Cannot put Reason Required For Auto-Connect on Transparent Login account
Article ID: 104072
CA Privileged Access Manager - Cloakware Password Authority (PA)PAM SAFENET LUNA HSMCA Privileged Access Manager (PAM)
An RDP application performs Transparent Login to SQLDeveloper. We wish to require justification for using this application. If we set the SQLDeveloper account to Reason Required on Auto-Connect, no popup appears to ask for a reason, but the transparent login succeeds. It is as if the Password View Policy (PVP) option has no effect at all with Transparent Login. If we set the RDP account to Reason Required on Auto-Connect (not precisely what we want, but a close approximation for our immediate need), the popup appears as expected. After entering a justification, the service launches as expected.
This is working as designed.

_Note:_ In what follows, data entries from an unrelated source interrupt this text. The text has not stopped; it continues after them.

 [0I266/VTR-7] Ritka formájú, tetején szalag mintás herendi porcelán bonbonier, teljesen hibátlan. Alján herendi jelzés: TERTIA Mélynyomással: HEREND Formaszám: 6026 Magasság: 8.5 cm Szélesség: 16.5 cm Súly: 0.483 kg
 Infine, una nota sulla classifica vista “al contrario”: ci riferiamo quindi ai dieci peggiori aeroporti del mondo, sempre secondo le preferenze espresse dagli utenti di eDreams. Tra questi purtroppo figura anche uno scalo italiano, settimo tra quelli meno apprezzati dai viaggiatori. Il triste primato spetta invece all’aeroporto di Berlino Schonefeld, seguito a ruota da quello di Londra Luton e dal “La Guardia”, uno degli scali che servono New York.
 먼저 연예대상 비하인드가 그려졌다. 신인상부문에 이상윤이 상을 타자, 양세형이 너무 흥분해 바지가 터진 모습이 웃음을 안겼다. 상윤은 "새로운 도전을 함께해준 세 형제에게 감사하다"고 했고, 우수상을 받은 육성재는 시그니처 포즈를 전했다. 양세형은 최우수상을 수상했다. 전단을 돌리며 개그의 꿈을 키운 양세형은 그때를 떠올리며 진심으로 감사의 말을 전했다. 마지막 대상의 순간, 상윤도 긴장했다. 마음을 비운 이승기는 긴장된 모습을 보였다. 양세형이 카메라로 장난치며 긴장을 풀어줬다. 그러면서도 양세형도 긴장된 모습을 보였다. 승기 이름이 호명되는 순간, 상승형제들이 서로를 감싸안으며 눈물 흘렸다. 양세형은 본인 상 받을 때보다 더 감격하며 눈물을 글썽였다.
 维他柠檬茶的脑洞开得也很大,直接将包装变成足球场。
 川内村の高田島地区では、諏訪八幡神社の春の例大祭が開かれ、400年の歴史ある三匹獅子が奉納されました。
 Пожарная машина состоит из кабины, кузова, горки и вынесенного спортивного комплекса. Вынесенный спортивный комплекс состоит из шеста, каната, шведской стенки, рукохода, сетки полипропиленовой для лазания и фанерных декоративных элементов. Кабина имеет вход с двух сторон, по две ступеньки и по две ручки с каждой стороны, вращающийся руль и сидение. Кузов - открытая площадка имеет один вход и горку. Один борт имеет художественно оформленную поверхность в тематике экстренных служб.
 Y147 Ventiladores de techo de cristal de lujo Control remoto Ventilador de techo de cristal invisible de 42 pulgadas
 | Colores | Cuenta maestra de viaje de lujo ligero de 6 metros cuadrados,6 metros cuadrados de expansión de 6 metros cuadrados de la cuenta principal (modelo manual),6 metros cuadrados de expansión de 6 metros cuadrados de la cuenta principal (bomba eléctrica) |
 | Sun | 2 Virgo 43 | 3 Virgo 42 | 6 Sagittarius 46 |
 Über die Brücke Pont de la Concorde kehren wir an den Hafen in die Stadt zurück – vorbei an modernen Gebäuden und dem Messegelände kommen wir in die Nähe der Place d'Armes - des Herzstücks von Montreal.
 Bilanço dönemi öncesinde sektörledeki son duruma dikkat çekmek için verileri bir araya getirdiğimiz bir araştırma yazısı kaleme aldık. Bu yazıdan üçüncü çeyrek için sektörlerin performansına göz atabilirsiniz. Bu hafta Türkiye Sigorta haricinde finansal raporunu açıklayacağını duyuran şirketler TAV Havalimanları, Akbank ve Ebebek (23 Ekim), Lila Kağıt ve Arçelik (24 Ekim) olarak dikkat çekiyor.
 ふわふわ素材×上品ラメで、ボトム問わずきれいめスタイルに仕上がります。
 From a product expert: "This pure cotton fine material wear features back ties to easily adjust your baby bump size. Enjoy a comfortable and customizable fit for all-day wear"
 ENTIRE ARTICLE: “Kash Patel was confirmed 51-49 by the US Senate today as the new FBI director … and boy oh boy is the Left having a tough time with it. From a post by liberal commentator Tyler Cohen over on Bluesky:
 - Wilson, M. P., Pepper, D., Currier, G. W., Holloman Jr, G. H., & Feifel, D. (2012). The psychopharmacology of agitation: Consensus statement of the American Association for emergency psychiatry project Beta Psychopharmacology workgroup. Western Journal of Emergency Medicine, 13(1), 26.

When the transparent login agent retrieves the target account password, the PVP is not evaluated for this secondary login.
Any PAM version up to 3.2 so far.
A PVP Reason Required for Auto-Connect policy associated with a target account has no effect during transparent login. All you can do is associate such a PVP with the account used for auto-connect.
Password View Policy works with Auto Login but does not work with Transparent Login since Auto Login injection of username and password are handled from Client side but Transparent Login injection of username and password are handled by XsuiteTLAgent.exe which is downloaded to the mapped virtual drive of the target end point windows machine. So there is no control on the client side during injection of username and password to the Remote Windows Application and as a result no PVP can be integrated with Secondary accounts.